(Beginning of INFORMATION SHOWN)

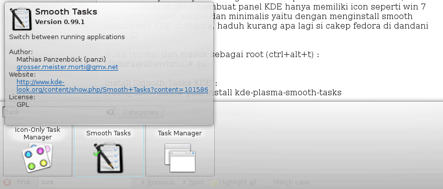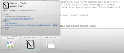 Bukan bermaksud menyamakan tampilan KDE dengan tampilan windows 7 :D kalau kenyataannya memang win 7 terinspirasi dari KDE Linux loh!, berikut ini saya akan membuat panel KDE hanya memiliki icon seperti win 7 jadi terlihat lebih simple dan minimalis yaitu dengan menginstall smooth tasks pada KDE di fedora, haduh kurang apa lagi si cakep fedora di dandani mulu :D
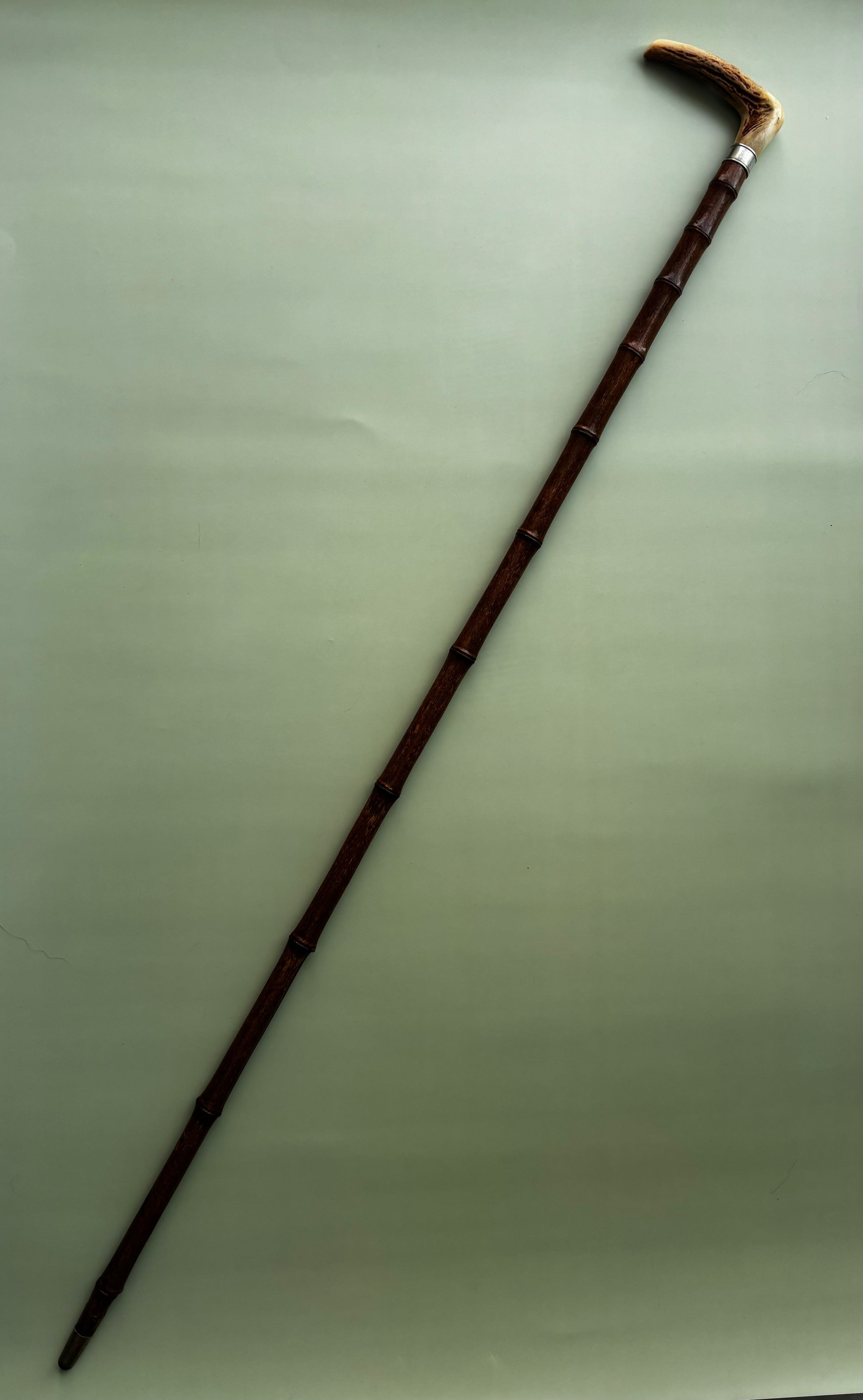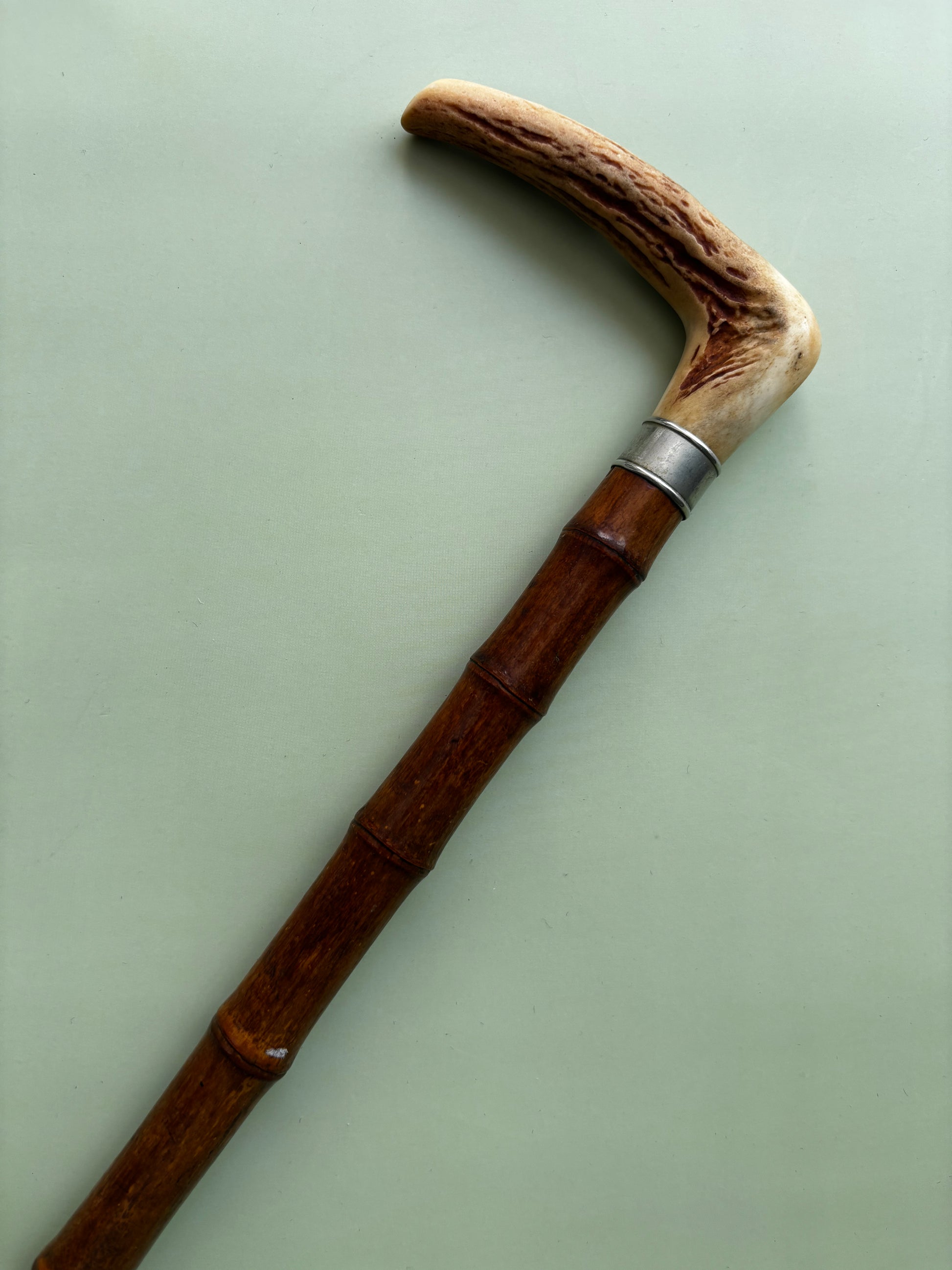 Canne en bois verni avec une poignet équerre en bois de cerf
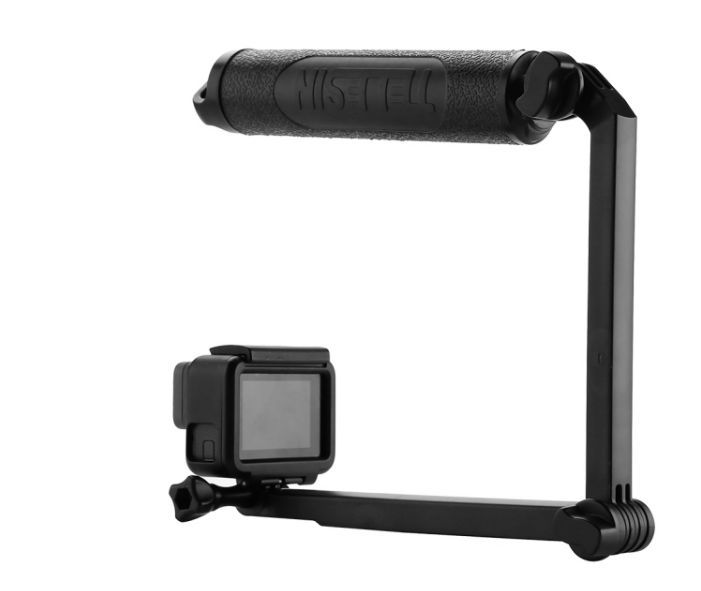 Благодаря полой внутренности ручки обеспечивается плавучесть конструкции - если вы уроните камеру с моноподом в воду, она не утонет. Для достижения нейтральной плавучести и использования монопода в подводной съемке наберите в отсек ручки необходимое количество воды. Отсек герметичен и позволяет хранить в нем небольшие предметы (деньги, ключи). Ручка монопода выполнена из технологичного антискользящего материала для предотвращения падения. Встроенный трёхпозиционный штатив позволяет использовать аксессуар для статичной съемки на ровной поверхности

(End of INFORMATION SHOWN)

Word for word, restate each line above, minus its pictures.

 Bukan bermaksud menyamakan tampilan KDE dengan tampilan windows 7 :D kalau kenyataannya memang win 7 terinspirasi dari KDE Linux loh!, berikut ini saya akan membuat panel KDE hanya memiliki icon seperti win 7 jadi terlihat lebih simple dan minimalis yaitu dengan menginstall smooth tasks pada KDE di fedora, haduh kurang apa lagi si cakep fedora di dandani mulu :D
 Canne en bois verni avec une poignet équerre en bois de cerf
 Благодаря полой внутренности ручки обеспечивается плавучесть конструкции - если вы уроните камеру с моноподом в воду, она не утонет. Для достижения нейтральной плавучести и использования монопода в подводной съемке наберите в отсек ручки необходимое количество воды. Отсек герметичен и позволяет хранить в нем небольшие предметы (деньги, ключи). Ручка монопода выполнена из технологичного антискользящего материала для предотвращения падения. Встроенный трёхпозиционный штатив позволяет использовать аксессуар для статичной съемки на ровной поверхности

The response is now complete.